The coronavirus crisis reveals the serious weaknesses and perversities of the status quo ante. It invites a paradigm shift, a systemic transformation. It places the public and the common above the private and for-profit. Finally, it places care activities where they should never have been displaced from: at the center of social and economic life. How can we make these priorities last?
How do we manage to extend the new common sense, - that we must profoundly change our habits to prevent COVID-19, which is a deadly threat -, to the prevention of other ‘pandemics’ that threaten life all alike? Pandemics that we have not been able to face effectively in decades due to a ‘lack of political will’ or simply persisting power relations, and due to social inertia?
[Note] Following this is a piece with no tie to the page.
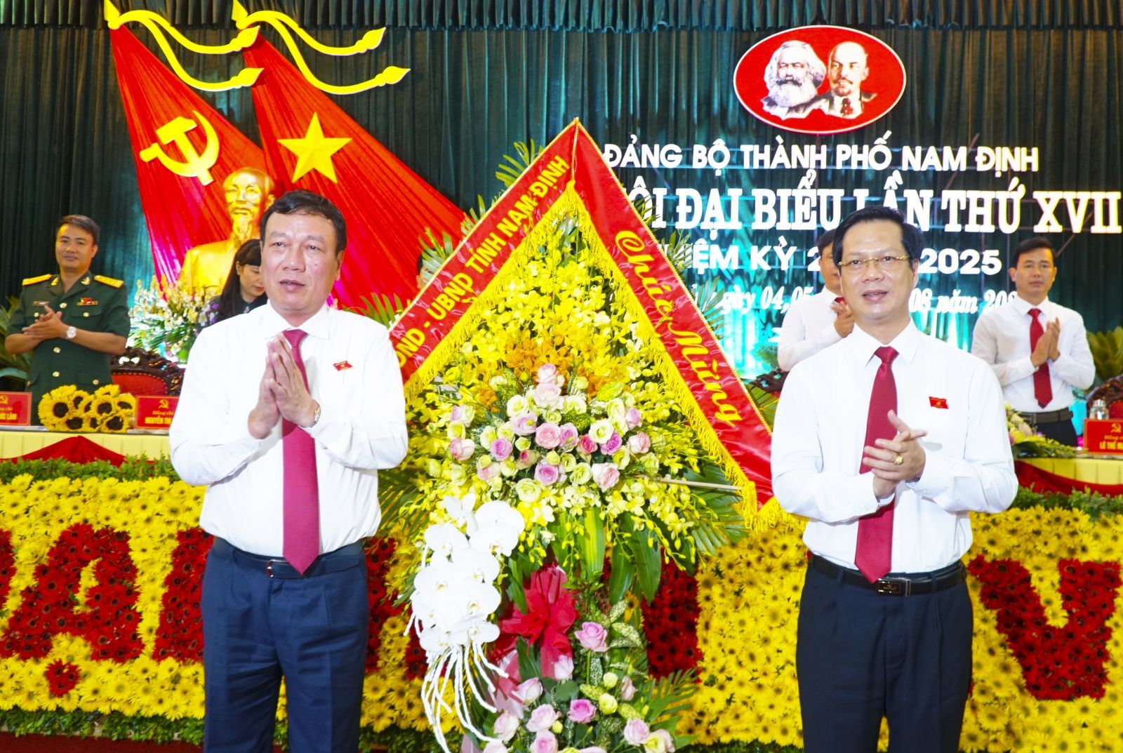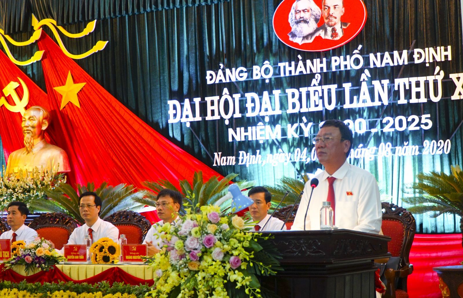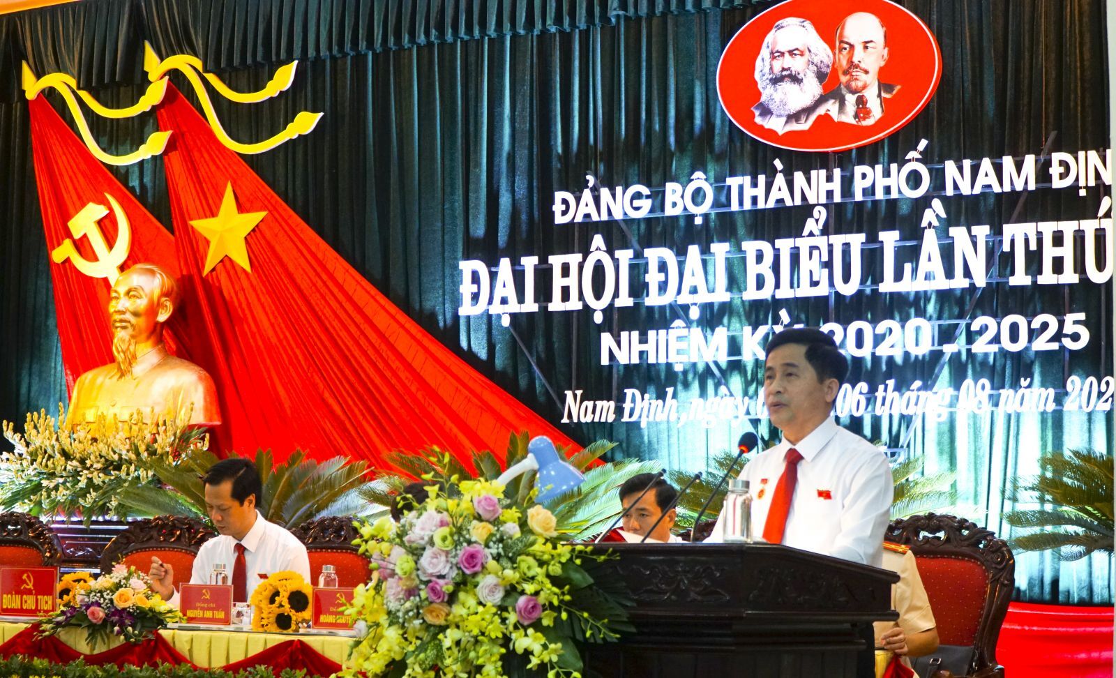 Phát biểu chỉ đạo Đại hội, thay mặt BCH Đảng bộ Tỉnh đồng chí Đoàn Hồng Phong, Ủy viên BCH Trung ương Đảng, Bí thư Tỉnh ủy, Trưởng đoàn Đoàn đại biểu Quốc hội tỉnh Nam Định ghi nhận, biểu dương những kết quả Đảng bộ, chính quyền, quân và dân thành phố Nam Định đã nỗ lực đạt được trong nhiệm kỳ qua. Đồng chí cho biết trong dự thảo báo cáo chính trị trình Đại hội Đảng bộ tỉnh lần thứ XX, nhiệm kỳ 2020- 2025 đã xác định: Phát triển trung tâm công nghiệp – dịch vụ thành phố Nam Định là một trong ba khâu đột phá của tỉnh. Đồng thời, đề nghị Đại hội tập trung thảo luận, đề ra giải pháp thực hiện thắng lợi nhiệm vụ trọng tâm đột phá của tỉnh; sáng suốt lựa chọn các đồng chí tiêu biểu vào Ban chấp hành, bầu một lần đủ số lượng, đảm bảo chất lượng, có cơ cấu hợp lý theo phương án nhân sự để đảm bảo sự lãnh đạo toàn diện của Ban chấp hành Đảng bộ Thành phố nhiệm kỳ 2020 – 2025./.

Currently, according to the World Health Organization (WHO), climate change causes 150,000 deaths annually. As of 2030, it is estimated that approximately 250,000 people will die worldwide each year from global warming. At the same time, according to the same WHO, each year an average of 1 million and 350,000 people die in traffic accidents caused by the irrational mobility model based on individual cars, which at the same time, strongly contributes to climate change.
The patterns of production and consumption, the imaginary of desire and the shared routines that are at the root of this catastrophe, since its inception, have never been so deeply shaken as today. The time has come to undertake audacious changes, collectively, amid grief, uncertainty and fear.